▸ WORK TO BE COMPLETED
Every entry that follows should be output exactly, and every image in it left out.

Saved entries:
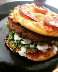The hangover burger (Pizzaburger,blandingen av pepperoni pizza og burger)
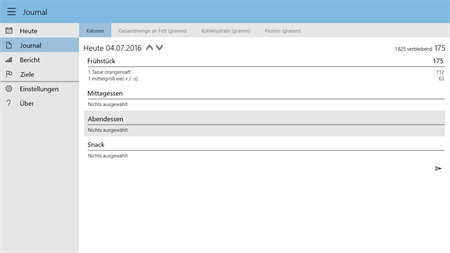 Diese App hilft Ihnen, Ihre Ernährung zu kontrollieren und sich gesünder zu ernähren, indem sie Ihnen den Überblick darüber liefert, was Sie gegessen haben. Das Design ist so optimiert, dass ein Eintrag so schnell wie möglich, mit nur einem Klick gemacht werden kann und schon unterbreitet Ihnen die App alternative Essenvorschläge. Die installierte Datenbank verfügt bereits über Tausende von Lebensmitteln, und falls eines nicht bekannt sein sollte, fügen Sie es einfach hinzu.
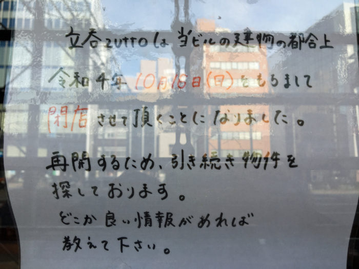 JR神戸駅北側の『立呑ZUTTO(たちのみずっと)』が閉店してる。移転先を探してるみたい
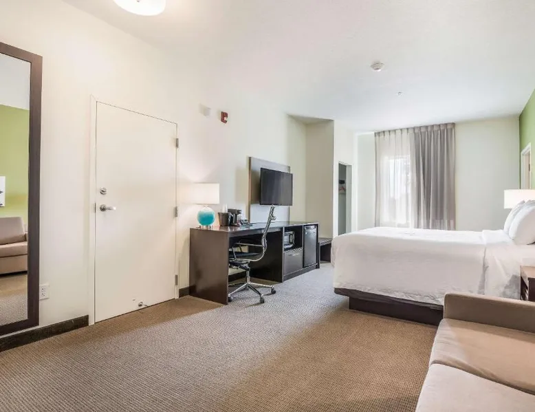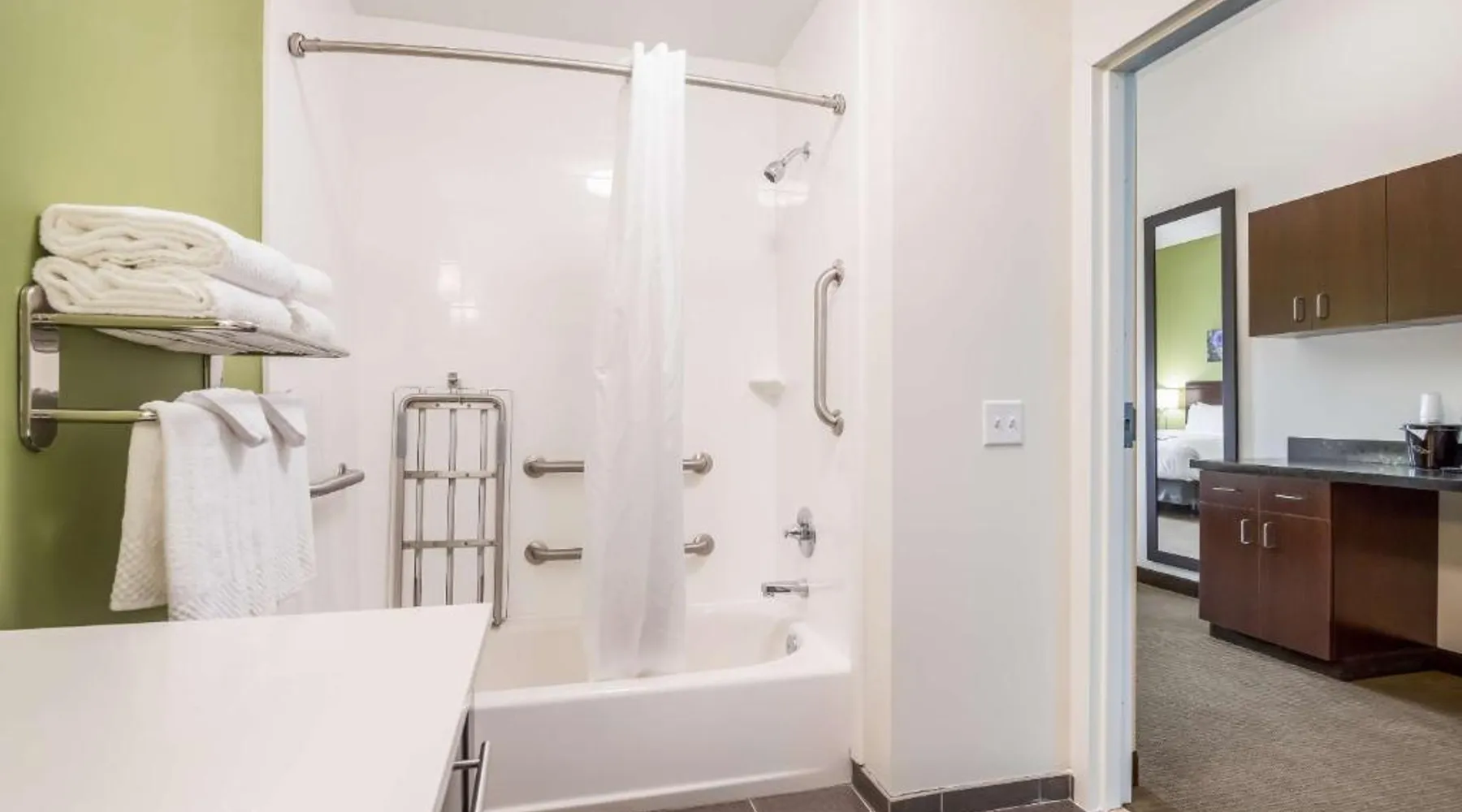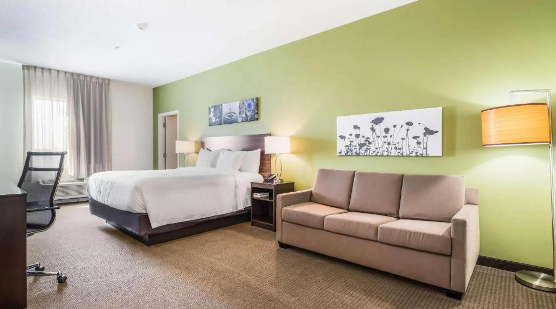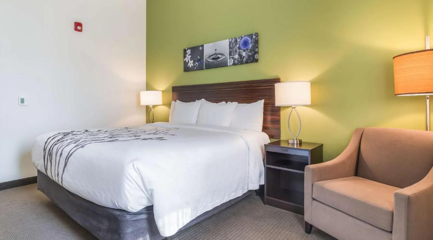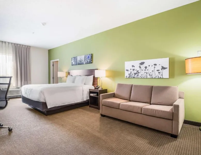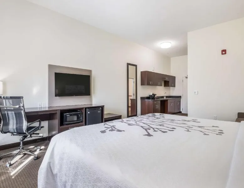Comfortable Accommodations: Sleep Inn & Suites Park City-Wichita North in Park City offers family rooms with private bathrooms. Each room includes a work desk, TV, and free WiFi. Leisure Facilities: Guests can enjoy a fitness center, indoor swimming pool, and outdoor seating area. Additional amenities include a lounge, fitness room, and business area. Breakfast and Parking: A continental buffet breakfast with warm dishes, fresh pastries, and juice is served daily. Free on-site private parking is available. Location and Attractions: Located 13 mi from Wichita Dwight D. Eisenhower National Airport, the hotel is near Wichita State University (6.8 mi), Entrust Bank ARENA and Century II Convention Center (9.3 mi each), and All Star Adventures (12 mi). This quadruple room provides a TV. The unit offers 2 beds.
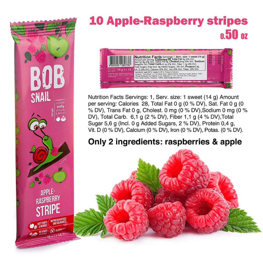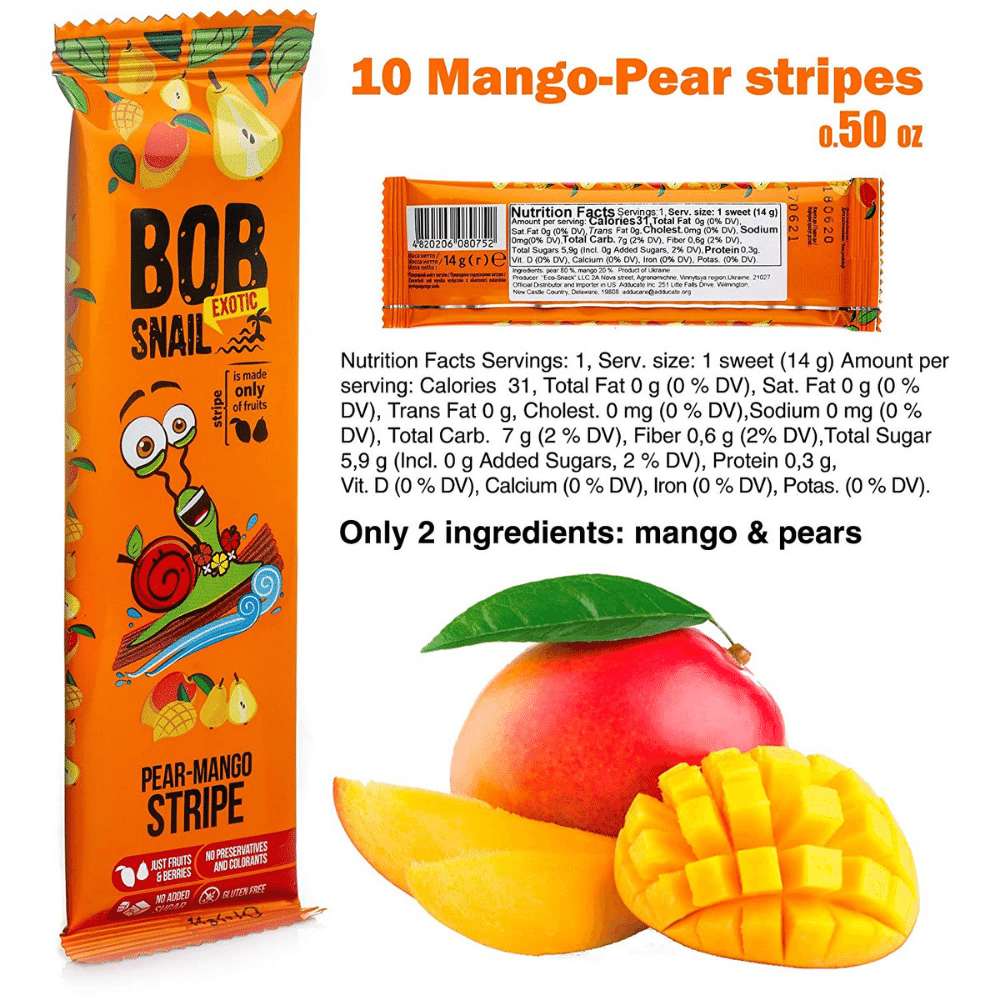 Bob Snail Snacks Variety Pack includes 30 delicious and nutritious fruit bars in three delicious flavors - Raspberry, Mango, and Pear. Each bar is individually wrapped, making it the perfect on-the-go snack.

▸ ANSWER BOX
The hangover burger (Pizzaburger,blandingen av pepperoni pizza og burger)
 Diese App hilft Ihnen, Ihre Ernährung zu kontrollieren und sich gesünder zu ernähren, indem sie Ihnen den Überblick darüber liefert, was Sie gegessen haben. Das Design ist so optimiert, dass ein Eintrag so schnell wie möglich, mit nur einem Klick gemacht werden kann und schon unterbreitet Ihnen die App alternative Essenvorschläge. Die installierte Datenbank verfügt bereits über Tausende von Lebensmitteln, und falls eines nicht bekannt sein sollte, fügen Sie es einfach hinzu.
 JR神戸駅北側の『立呑ZUTTO(たちのみずっと)』が閉店してる。移転先を探してるみたい
Comfortable Accommodations: Sleep Inn & Suites Park City-Wichita North in Park City offers family rooms with private bathrooms. Each room includes a work desk, TV, and free WiFi. Leisure Facilities: Guests can enjoy a fitness center, indoor swimming pool, and outdoor seating area. Additional amenities include a lounge, fitness room, and business area. Breakfast and Parking: A continental buffet breakfast with warm dishes, fresh pastries, and juice is served daily. Free on-site private parking is available. Location and Attractions: Located 13 mi from Wichita Dwight D. Eisenhower National Airport, the hotel is near Wichita State University (6.8 mi), Entrust Bank ARENA and Century II Convention Center (9.3 mi each), and All Star Adventures (12 mi). This quadruple room provides a TV. The unit offers 2 beds.
 Bob Snail Snacks Variety Pack includes 30 delicious and nutritious fruit bars in three delicious flavors - Raspberry, Mango, and Pear. Each bar is individually wrapped, making it the perfect on-the-go snack.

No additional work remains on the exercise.